Section 8 Company Annual Compliance: Know Some Key Features and FAQs

Having a basic understanding of section 8 companies is essential before we can proceed to Annual Compliance. According to the Companies Act 2013, non-profits and charitable organizations can now register as Section 8 companies in India. Besides promoting commerce, art, science, sports, education, research, social welfare, religion, charity, environmental protection, a Section 8 Company can be incorporated as a private limited or public limited company.


  • Private companies must have at least two directors and public companies must have at least three directors.
  • Be subject to all the rights and responsibilities of a limited company.
  • Section 8 companies can be members of firms.
  • Objects can only be promoted with profits/income.
  • Dividends cannot be paid to its members.
  • Only the Central Government can alter its memorandum.
  • There is no requirement to add the words “limited” or “private” to its name.
  • AUDITOR APPOINTMENT- As per section 139 of The Companies Act 2013, a company must appoint an auditor whether it is a public, private, or section 8 company, As part of the Companies Act 2013, the Registrar of the Companies must appoint an auditor within 30 days of its incorporation and submit the form ADT-1 (Information for Appointment of Auditor) within 15 days of the appointment of the auditor along with the applicable fees.
  1. KEEP STATUTORY RECORDS – State law mandates that all companies keep statutory records.
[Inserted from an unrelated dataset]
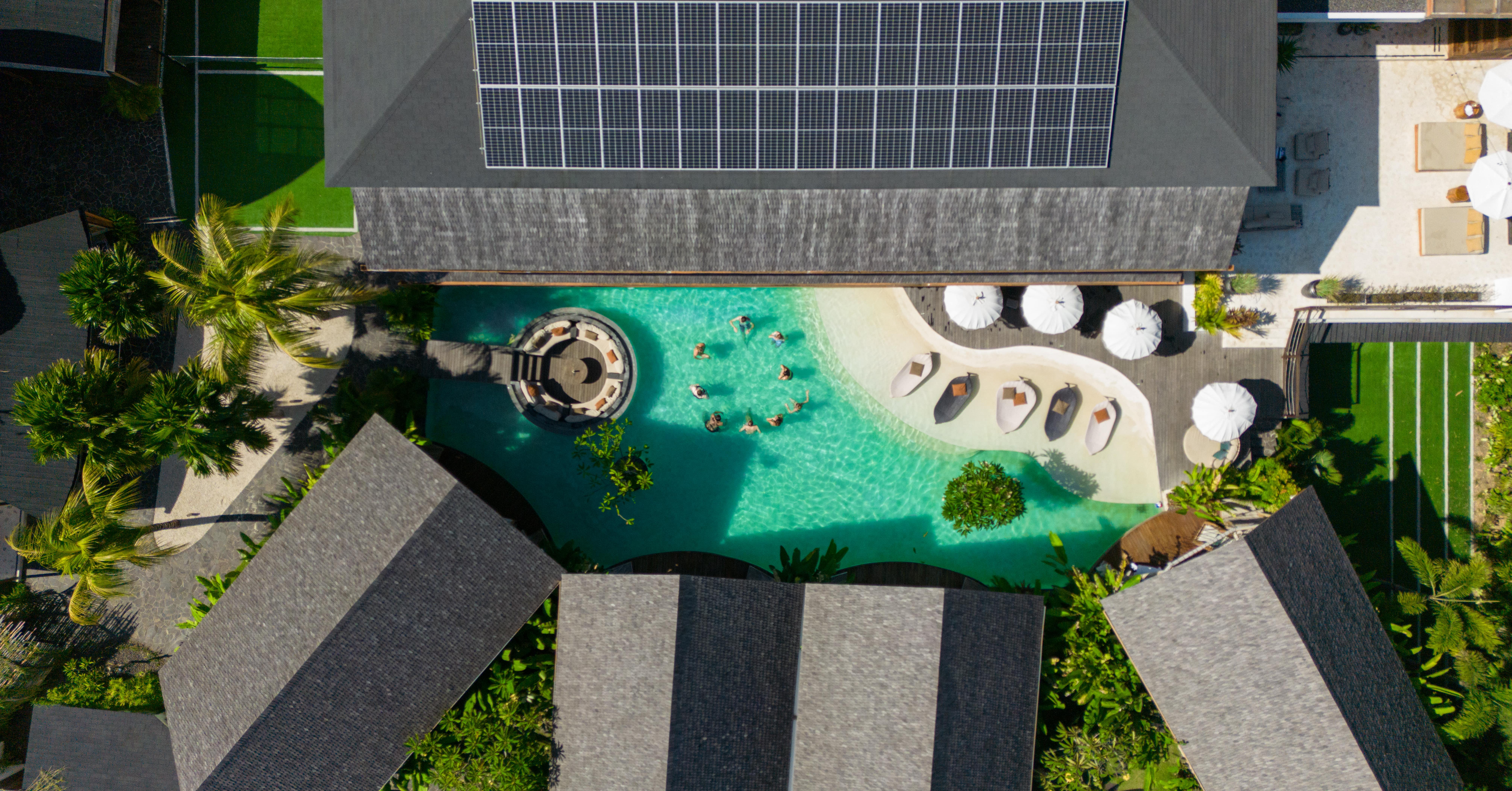 luxury villa with private chef, pool, sauna, ice baths, yoga shala, gym, and cinema.

Companies Act, 2013 specifies that section 8 companies must maintain their proper records in separate registers such as the register of the company, the register of members, the register of loans, and the register of charges. As a result of maintaining separate registers, compliance is easier for all and helps companies avoid heavy penalties that could result if proper compliance is not achieved.
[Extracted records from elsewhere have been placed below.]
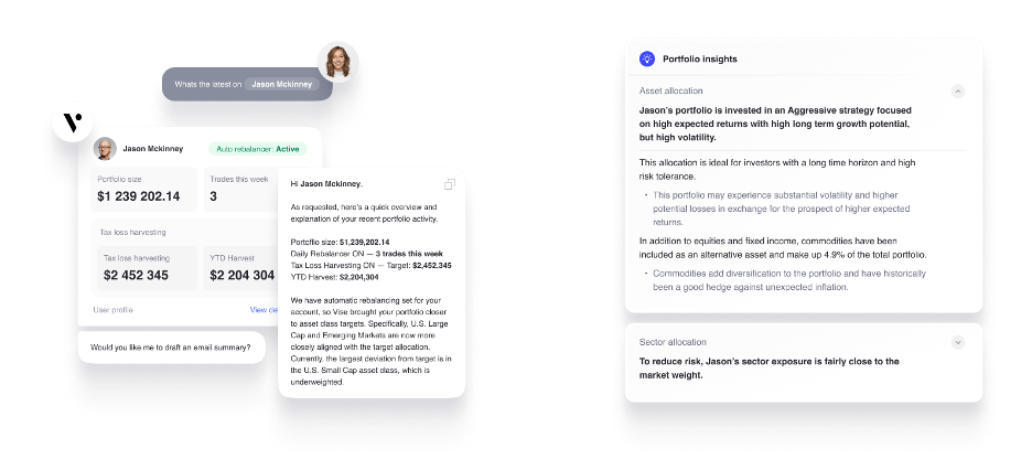 On the advisor-facing side, Vise integrates generative AI models to augment client engagement. These tools generate clear explanations and talking points about portfolio decisions, asset allocations, and market movements—helping advisors articulate insights, answer client questions, and strengthen trust. The AI generates breakdowns of portfolio changes and performance drivers in an accessible format, designed to help advisors deepen relationships and win new business.
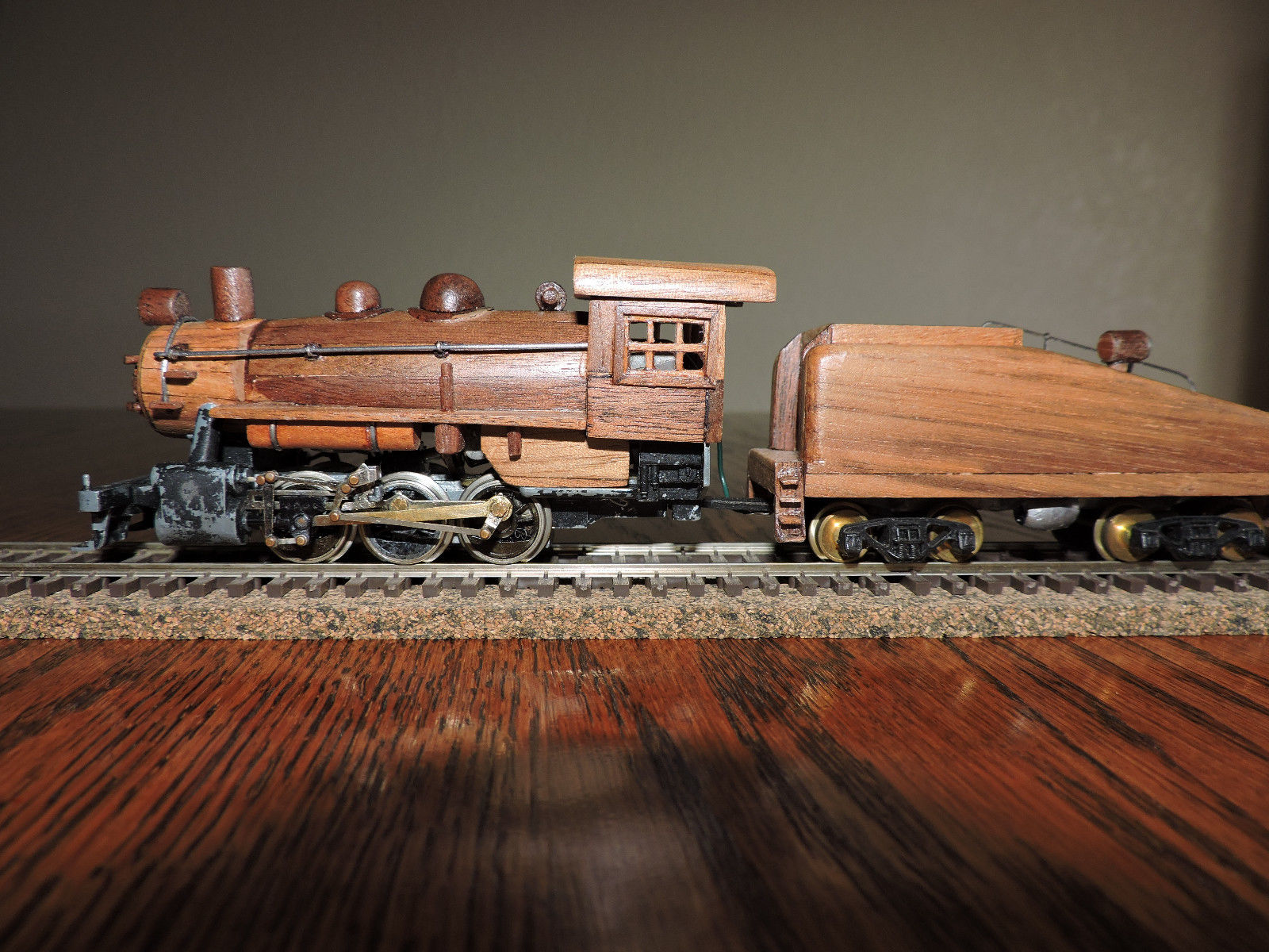 On one hand, that's beautiful and must've taken an incredible amount of time and patience, on the other hand... why make an HO train out of hand-cut and carved hardwood? That has to be the most onerous possible way of building something like this.
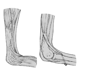the V proximal. Expose the humeroulnar joint, leaving the triangular
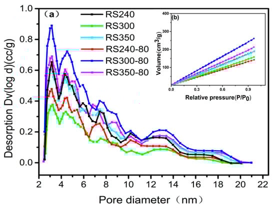 The morphology of carbon precursors and the corresponding carbon-based solid acid catalysts were analyzed by SEM, as shown in Figure 2. The surface of RS240 and RS300 were curly and smooth. However, RS350 showed irregular and cracked surfaces when the temperature of carbonization was increased. This phenomenon was attributed to carbonization at a lower temperature, the primitive structures of RS wasn’t destroyed. As the temperature of carbonization increased, and might lead to excessive breakdown of the macromolecules and cracking of glycosidic bonds. The morphological characteristics of RS240-80 presented massive tearing structures. It might be that the RS retained partially bound water and the structure of original cellulose in the low-temperature carbonization (e.g., 240 °C), leading to glucose reaggregation during the cellulose hydrolysis of RS240 in concentrated H2SO4. Therefore, the SEM images of RS240-80 demonstrated a collapsed and lumpy structure. As the carbonization temperature rose, the morphological structure of RS300-80 was nearly the same as that of the corresponding carbon precursor. One possible explanation for this phenomenon is that the partial breakdown of the hydrogen bonds of macromolecules and complete removal of bound water at 300 °C caused a decrease in the extent of glucose reaggregation during cellulose hydrolysis of RS300 in the concentrated H2SO4. Similarly, well-developed tubular porous features were observed in RS300 and RS300-80. However, the SEM images of RS300-80 showed an irregular rough surface compared to that of RS300. This may be attributed to the formation of a “soft” structure by low-temperature carbonization, which could have allowed more sulfonic acid (−SO3H) groups being loaded on RS300 [], resulting in the slight change on the surface of RS300 during the sulfonation process. In addition, RS300 had abundant pores with different sizes and a smooth surface, and this also provided more loading sites of sulfuric acid, which resulted in a higher covalent binding energy for carbon and sulfonic acid (−SO3H) groups []. When the carbonization temperature was above 300 °C, RS350 became harder, and the flexibility of the polycyclic aromatic carbon decreased through plane growth and carbon sheet stacking. Thus, the general texture of RS350-80 showed little changes after sulfonation. As the temperature of carbonization increased, the pore structure of the catalyst became more abundant (<300 °C), which further increased the temperature, and the overall structure of the catalyst appeared split and faulty. The former was attributed to the "soft structure" of precursor formed under low temperature carbonization, which was easily changed by concentrated sulfuric acid in the process of sulfonation, including dehydration, hydrolysis, and −SO3H groups loading. The latter RS forms a "hard structure" under high-temperature carbonization, which was difficult to be changed by concentrated H2SO4.

  2. DIRECTORS AND SHAREHOLDERS MEETINGS – Directors should meet to discuss the performance of the company, review the business, decide future strategy, etc. To establish healthy communication with shareholders about the company, directors should also meet them. According to section 173 of the Companies Act, 2013 section 8, a company shall hold at least one board meeting every six calendar months. A gap of 90 days between two board meetings is required. Additionally, its members must hold an Annual General Meeting within six months of the end of its fiscal year.
  3. A DIRECTOR’S REPORT refers to a document in which the director of the company discloses both the financial and non-financial position of the company to its shareholders. In accordance with section 134 of The Companies Act 2013, every company, including section 8 companies, is required to prepare a Board Report.
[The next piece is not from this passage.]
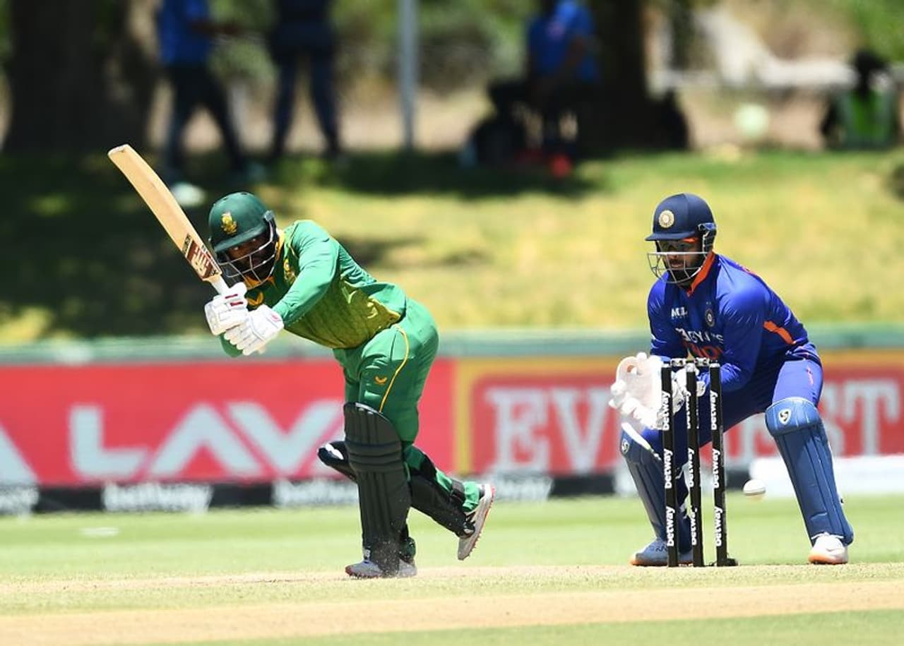 साउथ अफ्रीकी कप्तान टेंबा बावुमा ने टेस्ट सीरीज की फॉर्म को वनडे सीरीज में भी जारी रखा है। भारत के खिलाफ पहले मैच में उन्होंने वनडे करियर का दूसरा शतक जमाया। उन्होंने 133 गेंदों में अपना शतक पूरा किया। वे 143 गेंदों में 110 रन बनाकर आउट हुए। अपनी पारी के दौरान उन्होंने 8 चौके जमाए।
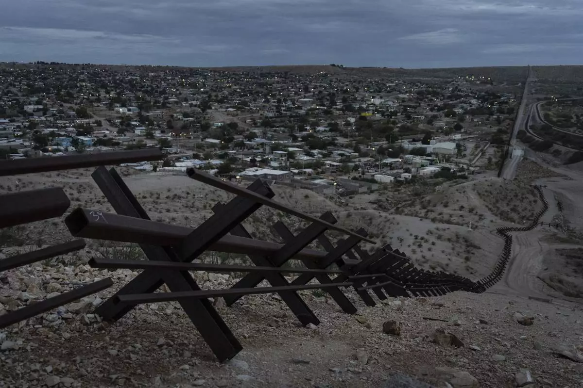Barriers form part of the U.S.-Mexico border fence as they run along mountainous terrain overlooking Mexico's Ciudad Juárez on Wednesday, July 23, 2025, in Sunland Park, N.M. (AP Photo/Jae C. Hong)

  4. FILLING OUT INCOME TAX RETURNS – An income tax return is a form submitted to the income tax department of India with information about a person’s or entity’s income and taxes due on it. Every year, Section 8 companies are required to file their income tax returns in form ITR-7 by September 30.
  5. STATUTORY BOOKS OF ACCOUNTS – As required by section 128 of The Companies Act 2013, every company is required to keep a proper book of accounts at its registered office or such other place as prescribed, which should give a true and fair view, prepared on an accrual basis and using double entry methods. Profit and loss sheets,cash flow statements, and so on, make up books of accounts.
  6. Section 8 – FILLING OF FINANCIAL STATEMENTS AND ANNUAL RETURNSAOC-4 (Form for filing financial statement and other documents with the Registrar) and MGT-7 (Form for filing an annual return by a company) must be filed with the Registrar of Companies within 30 days and 60 days of the company’s annual general meeting, respectively.